Professor Dominic Wring

BA (Nottingham), PhD (Cambridge)

  • PGT Programme Leader (ESRC DTP) (Communication and Media)
  • Professor of Political Communication

Since joining the University in 1997 Dominic has been primarily engaged in exploring the relationships between the media, communication and politics. He co-founded and then convened the UK Political Studies Association's Media Politics Group for a decade and subsequently served as Chair of the International Political Science Association’s Research Committee for Political Communication. He also helped launch the Journal of Political Marketing, serving as its first European Editor and on its editorial board as well as those of the Journal of Public Affairs and the Central European Journal of Communication. His work has been translated into French, Italian, Romanian and Spanish. Currently He is lead editor of the Political Communication series of books, a volume of which has appeared after every British General Election since 1979. He served as an expert witness during the UK Competition Commission inquiry into BSkyB’s controversial acquisition of ITV shares.

Dominic has been involved in successive CRCC studies into how legacy news media cover politics and, more particularly, UK campaigns. He has been involved in extensive content analyses of British General Elections that first started two decades ago and, most recently, have included the momentous 2016 ‘Brexit’ Referendum together with the 2017 and 2019 campaigns.  An important dimension to this work, co-authored with David Deacon, has been to track and understand the changing patterns of press partisanship.  The stark (and literally) black and white declarations that typified the ‘Tory press’ during the Thatcher era have way to a so-called ‘Tony press’ whose endorsements were characteristically more qualified in their support of Blair (rather than his party).  Recent elections have seen something of a return to the kind of partisanship witnessed in the 1980s, and the project is continuing to examine how contemporary print editorialising compares with that from previous periods. 

Dominic's interest in the electoral process derives from earlier work on campaigning.  His monograph The Politics of Marketing of the Labour Party placed the so-called ‘New’ party’s approach in historical context by demonstrating how its embrace of professional techniques and expertise was - contrary to a received wisdom promoted by Philip Gould, Peter Mandelson and others - more a case of evolution than revolution. The book was well received:  ‘excellent study’ (Ivor Gaber, Journalism); ‘scrupulously well-researched, well-written and clearly argued…  demolishes a number of myths’ (Eric Shaw, Public Administration); 'a superb book. It whets the appetite — at least it did mine — leaving me wanting to know more about the Labour Party in the past... all good books leave you hungry. This one certainly does' (David Coates, British Politics).

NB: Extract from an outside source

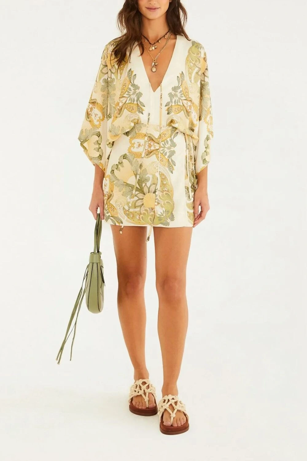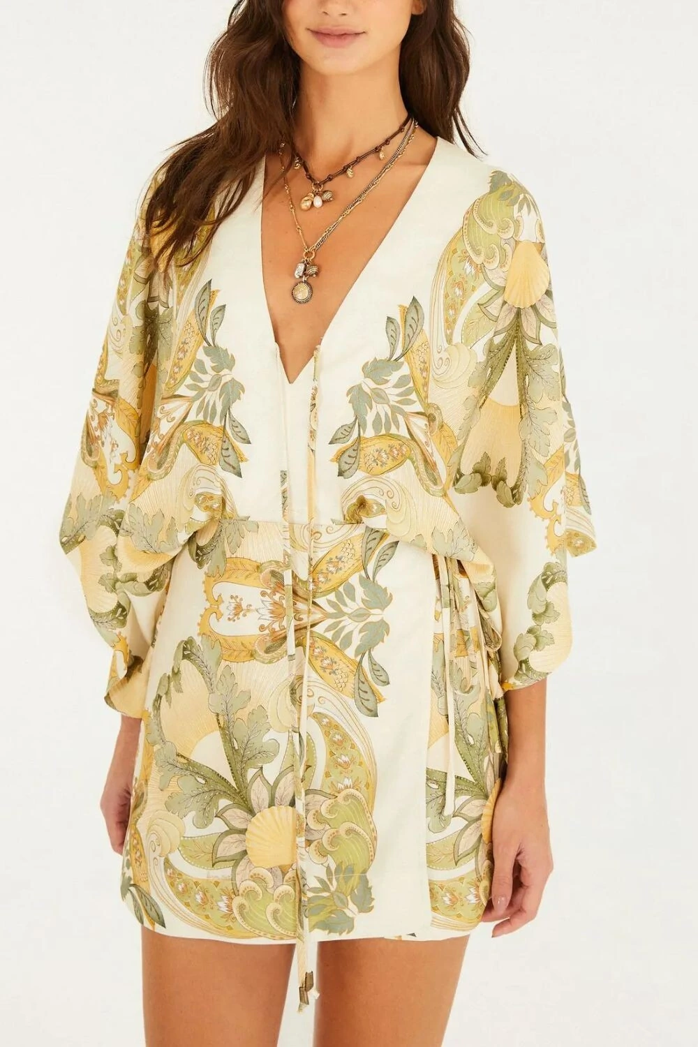 Vestido curto manga ourinho tropical Farm

Dominic's teaching explores the print, broadcast and advertising media. Introductory modules consider the development and influence of newspapers, radio and television. The unit Promotional Culture critically analyses the growth and importance of advertising, public relations and market research and these processes’ social, political and economic significance. A postgraduate option Marketing Politics reviews how, when and why election campaigns have developed since the advent of mass democracy at the turn of the Twentieth Century. Particular attention is given to the continuities and changes in strategies, techniques and the use of experts such as so-called ‘spin-doctors’ in the United States, Britain and elsewhere. 

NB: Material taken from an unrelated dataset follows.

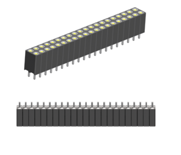 Socket Strips THT Through hole precision turned contacts, available in 1 or 2 row in pitch and row spacing 2.54 mm with plastic height above PCB 7.00 mm . Accepts square pin 0.65 x 0.65 mm as well as round pins dia. 0.65 to 0.85 mm. Platings Tin/Gold, Others on request.
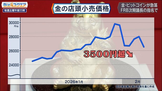 1グラム3万円の大台を突破し最高値を更新していた「金」が、2日、一転して急落。下げ幅は3500円を超えた。

He has extensive experience of supervising and examining PhD students and has also served as a guest lecturer and external examiner for universities in the UK, Europe and further afield.

Recent postgraduate research students

  • Nadilla Jamil (2018) "Selling Race and God during the GE13: A Discourse-Historical Analysis of Editorials and Columns in Mainstream Malay and English-language newspapers during the 13th General Election in Malaysia". Co-supervised by John Richardson and Michael Skey.
  • Emily Harmer (2013) "Representations of Women as Voters and Politicians: a Historical Survey". Co-supervised by Liesbet van Zoonen. Economic and Social Research Council sponsored. Dr Harmer is now Lecturer in Media at the University of Liverpool.
  • Nour Shreim (2012) "War in Gaza: A Cross-Cultural Analysis of News Reporting and Reception". Co-supervised by John Richardson. University Scholarship funded. Dr Shreim now works in broadcasting specialising on Middle Eastern related issues.
  • Deena Dajani (2010) "A Nascent Arab Public Sphere?". Co-supervised by John Downey. University Overseas Research Scholarship and bursary grant. Dr Dajani became a Research Associate in Politics and IR with Open University and currently works at the LSE on the Resilient Communities, Resilient Cities? Programme.
  • George Tzogopoulous (2009) "Reporting Neo-conservatism". Greek Government sponsored. Dr Tzogopoulous is the author of two books US Foreign Policy in the European Media: Framing the Rise and Fall of Neoconservatism (IB Tauris) and The Greek Crisis in the Media: Stereotyping in the International Press (Ashgate) and is Senior Research Fellow at the Centre international de Formation Européenne and a frequent commentator on Greek, European and Chinese affairs. 
  • Scott Davidson (2008) "Ageing, citizenship and the media", Economic and Social Research Council sponsored. Dr Davidson is now a Lecturer in Media and Public Relations at the University of Leicester.